Healthy SchoolsFeb 25 2021

In response to school shooting events, some policymakers and school-hardening advocates have called for increasing the presence of law enforcement—known as school resource officers (SROs)—in schools, despite little evidence that SROs are effective at preventing or mitigating acts of school violence. Further, there is growing evidence that the presence of SROs may contribute to disparate and negative outcomes for students of color and students with disabilities. A recent study by the Department of Homeland Security’s (DHS) Cybersecurity and Infrastructure Security Agency (CISA) used a virtual reality simulation to attempt to demonstrate that SROs improve safety during a school shooting incident. However, we believe that the study’s design has critical flaws in both its generalizability and its applicability to policy recommendations. As a result, policymakers should use caution when relying on this study to inform policy about school safety.
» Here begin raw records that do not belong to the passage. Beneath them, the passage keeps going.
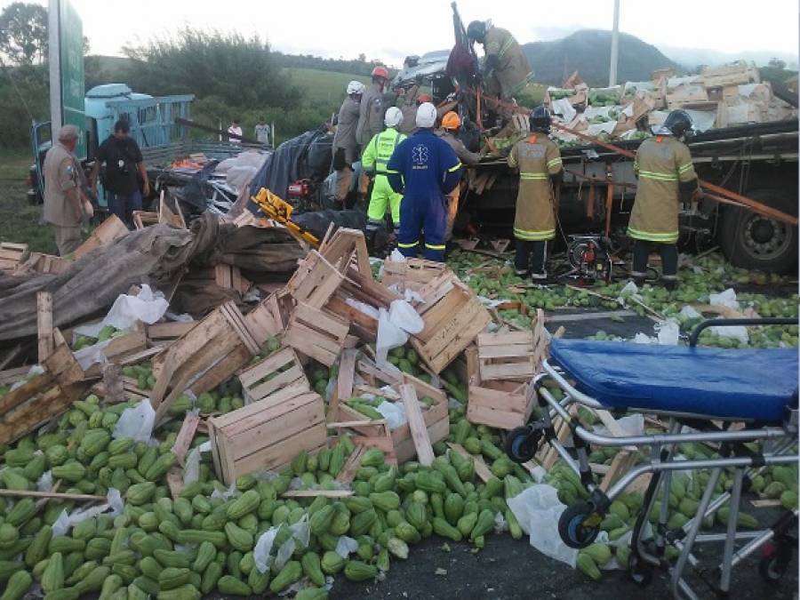 Um caminhão colidiu na traseira do outro, causando um forte impacto, derramando grande parte da carga de chuchu na pista. A rodovia ficou parcialmente interditada. Os nomes das vítimas não foram divulgados.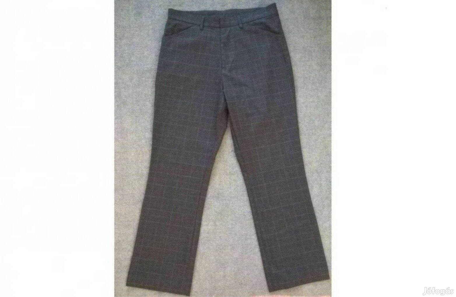 Eladó keveset használt sötét szürke alapon kocka mintás bővebb és egyenes szárú nadrág.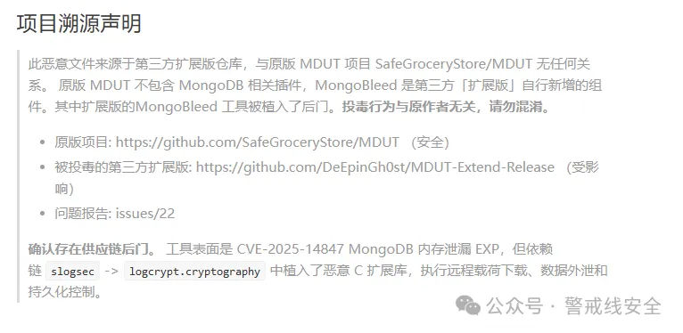 关于MDUT-Extend被供应链投毒事件的声明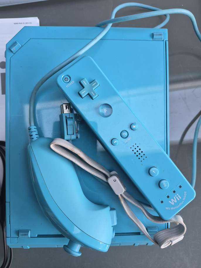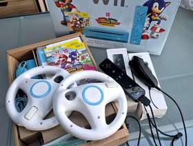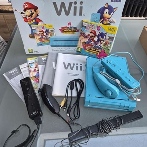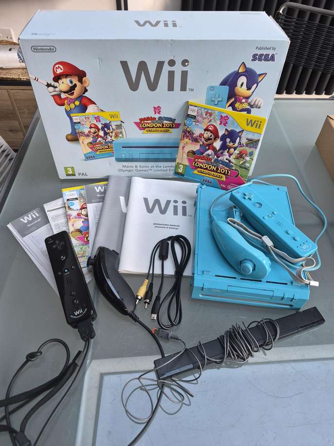 Good condition boxed but Charger NOT INCLUDED (charger available from Ebay for approximately £8-£10) Included in Bundle: Black numchuck and x2 Official Nintendo Wii Steering Wheel RVL-024 Compatible With Mariokart included (see all pictures). Features Country of Origin: China Colour: Blue Resolution: 480p Brand: Nintendo Region Code: PAL Platform: Nintendo Wii MPN: RVK-S-BAAF Features: Wi-Fi Capability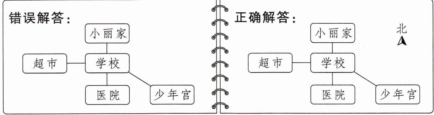 错因分析:绘制示意图时,要按照“上北下南、左西右东”的方法绘制,一定要记得用“▲”标出北面。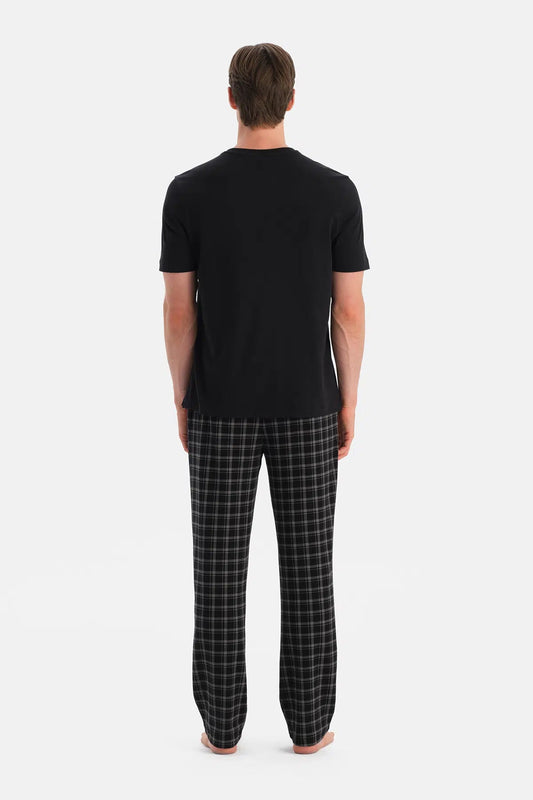 Antrasit Melanj Dikiş Detaylı Waffle Tişört Pantolon Pijama Takımı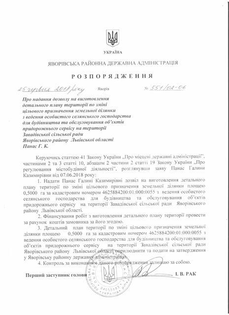 №551/02-06 2018-07-02 Про надання дозволу на виготовлення детального плану території по зміні цільового призначення земеньної ділянки з ведення особистого селянського господарства для будівництва та обслуговування об"єктів придорожного сервісу на території Завадівської сільської ради Яворівського району Львівської області Панас Г.К.

The design of the CISA study builds on a body of literature that uses virtual reality for behavioral research: Virtual reality studies allow researchers to create lifelike and controlled environments, study situations that would be too dangerous to study in real life, and repeat experiments many times at lower cost. This technique has been used to research topics as diverse as pedestrian safety, earthquake hazards, fire evacuation, and school shootings. The CISA-funded study on SROs uses virtual reality experiments to test the effects of different security conditions on simulated shooting outcomes: In this case, study participants (teachers, SROs, and university students playing the role of K-12 students) used virtual reality equipment to simulate actions during a school shooting. The virtual reality simulation was designed to mimic the conditions of a K-12 school, with one university student playing the role of school shooter. The simulation (similar to a virtual reality video game) was then run six times per day during the nine days of the study, while the conditions (SRO presence, door locking policy, and notification policy) were varied to test their effects on the outcome. (In the CISA study, outcomes were measured as the number of participants whose characters died in the simulation—assessed by event logging and post-simulation surveys—and the percentage of the simulated shooters’ ammunition that was discharged.)
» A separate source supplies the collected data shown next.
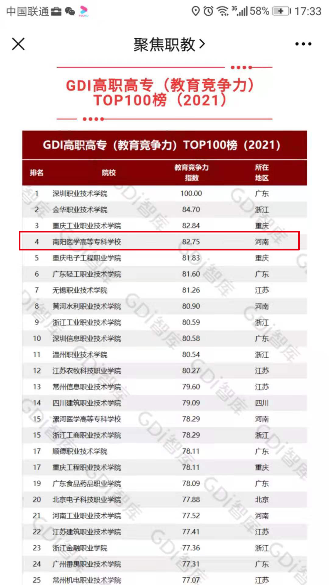 在“GDI高职高专排行TOP1000榜(2021)”基础上,GDI智库推出“GDI高职高专(公办)TOP300榜(2021)”。从教育竞争力指数来看,威客电竞·(中国)VK GAMING,以82.75的分数排名全国第四。
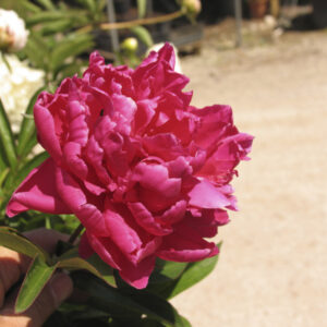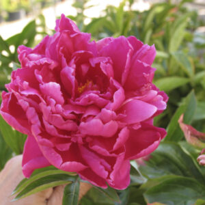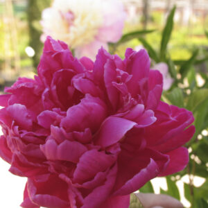 Pianta erbacea perenne con fiori doppi di colore rosso porpora, molto profumati e ornamentali. Ideale per bordure miste e giardini formali, questa Paeonia è particolarmente apprezzata per la sua robustezza e bellezza.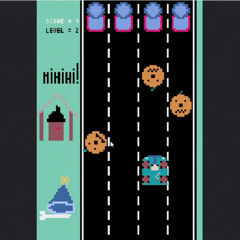 Every time you collect a candy bowl, your score rises by one point, but if a pumpkin go out of the scene (behind you), you lost a point.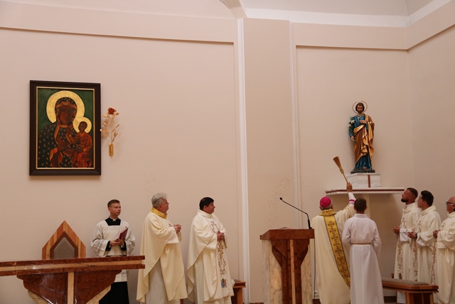 Dziękował parafianom za troskę o świątynię. Słowa wdzięczności wypowiedział do obecnego na uroczystości ks. prał. Marka Otręby, który był budowniczym kościoła. Wskazał, że bardzo wiele dokonał przez ostatnie trzy lata ks. prał. Leszek Szkopek.

However, this study is not generalizable because it draws conclusions about what would happen in real school shooter situations in K-12 schools based on how adults and college students act in a video game-like simulation, rather than how children, shooters, and SROs would act in a real, life-threatening situation. Neither the context nor the participants are representative of an actual school shooting. We cannot assume that college students in the safety of a lab will behave in the same manner as younger, terrified K-12 students, nor can we assume that the SROs will take the same actions as their simulation stand-ins. Indeed, in some of history’s most deadly school shootings—including those at Columbine High School, Virginia Tech, and Marjorie Stoneman Douglas High School—SROs either did not directly confront the perpetrators or were ineffective at doing so. It is therefore misleading to use this simulation to draw sweeping conclusions about SROs’ role in preventing school shootings. Moreover, other simulation studies about school shootings with the same design would be similarly flawed, and it would be dangerous for policymakers to draw policy recommendations from their findings.
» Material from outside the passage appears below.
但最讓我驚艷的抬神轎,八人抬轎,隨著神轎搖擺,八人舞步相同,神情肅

Furthermore, this kind of simulation focuses on the potential role of SROs in the specific scenario of an active shooter incident, but the methodology cannot assess other potential impacts of having SROs on campus. A recent study by Gottfredson and colleagues found that the presence of an SRO significantly increased rates of exclusionary discipline relative to a matched set of schools that did not increase the presence of SROs. Black students and students with disabilities are disproportionately subject to exclusionary discipline, including arrest, and the presence of an SRO on campus may exacerbate these disparities. Additionally, the presence of law enforcement and other forms of school hardening (e.g., cameras, metal detectors) on campus may actually decrease students’ sense of safety and increase their fear. A simulation in which participants have no long-term relationships with each other cannot hope to capture these broader outcomes.

In assessing the validity of the CISA study’s conclusions, and of findings from similar simulation studies, we recommend that policymakers consider the following:

  1. How does the simulation differ from the real-life conditions it intends to simulate?
  2. Is the research question directly addressed by the study a sufficient basis for policy?

We hope that, by enumerating the challenges with school shooting simulations, we can prevent their misuse in informing future policies. While school shooter simulations may help policymakers understand how to prevent school shootings, they are not sufficient to answer whether school resource officers improve school safety.